COLOMBO: Sri Lankan Prime Minister Mahinda Rajapaksa on Saturday said he was looking forward to mutual-high level visits between Islamabad and Colombo after Prime Minister Imran Khan extended congratulations to him on his re-election.

“Many thanks to Pakistan Prime Minister Imran Khan for your phone call and warm wishes. I look forward to mutual high-level visits between our countries to strengthen our friendly bilateral ties,” Rajapaksa tweeted on Saturday.

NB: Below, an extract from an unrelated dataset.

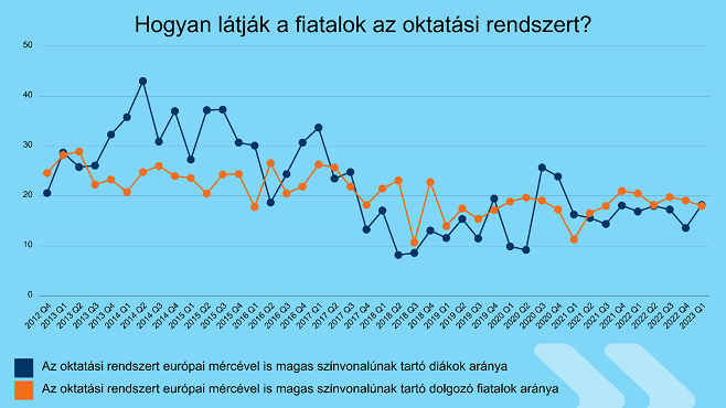 A felmérésből kiderül továbbá, hogy a dolgozó fiatalok hogyan értékelik az oktatás színvonalát. A diákokhoz hasonlóan csak 18 százalékuk szerint említhetőek egy lapon a magyarországi oktatási intézmények európai társaikkal. 55 százalékuk negatív véleményt fogalmazott meg, 23 százalékuk szerint nincs igazán különbség. A korábbi kutatásokban hasonló volt a pozitív véleményt megfogalmazó dolgozó fiatalok aránya, jellemzően 20 százalékot tett ki.
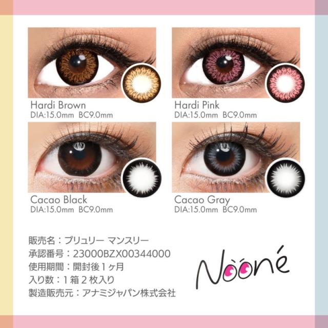 Noone Monthly 1箱2枚 度あり 度なし ヌーン マンスリー 1ヶ月 ハーフ ナチュラル コスプレ 韓国 アイドル風 カラー コンタクト

The Rajapaksa brothers secured a two-thirds majority in parliamentary elections on Friday. PM Rajapaksa's Sri Lanka Podujana Party (SLPP) won 145 seats, according to final results.

Rajapaksa, 74, and his brother Gotabaya, 71, who was elected president in November, needed to secure a super-majority to carry out their promised roll-back of constitutional changes.

With two-thirds of votes in parliament, they can overturn the reforms made by the previous administration aimed at decentralising power and preventing the rise of another strongman.

Official results showed the party received 6.8 million of the votes cast in Wednesday's election, which was twice postponed because of the coronavirus pandemic. Turnout was more than 75% of the 16.2-million-strong electorate.

The Rajapaksa family has dominated Sri Lankan politics for the past two decades.

Mahinda was president from 2005 to 2015 but was ousted after a revolt within his own party and a public backlash against alleged nepotism and corruption.

Gotabaya — a former army officer dubbed "The Terminator" by his own family — won comfortably in November's presidential election, running on a law-and-order ticket while capitalising on government infighting.

He swiftly appointed Mahinda as his prime minister.

The brothers are also viewed as heroes by the country's Sinhalese majority for orchestrating a ruthless military campaign to end a decades-long Tamil separatist war in 2009 when Mahinda was president and his brother a key figure in the military.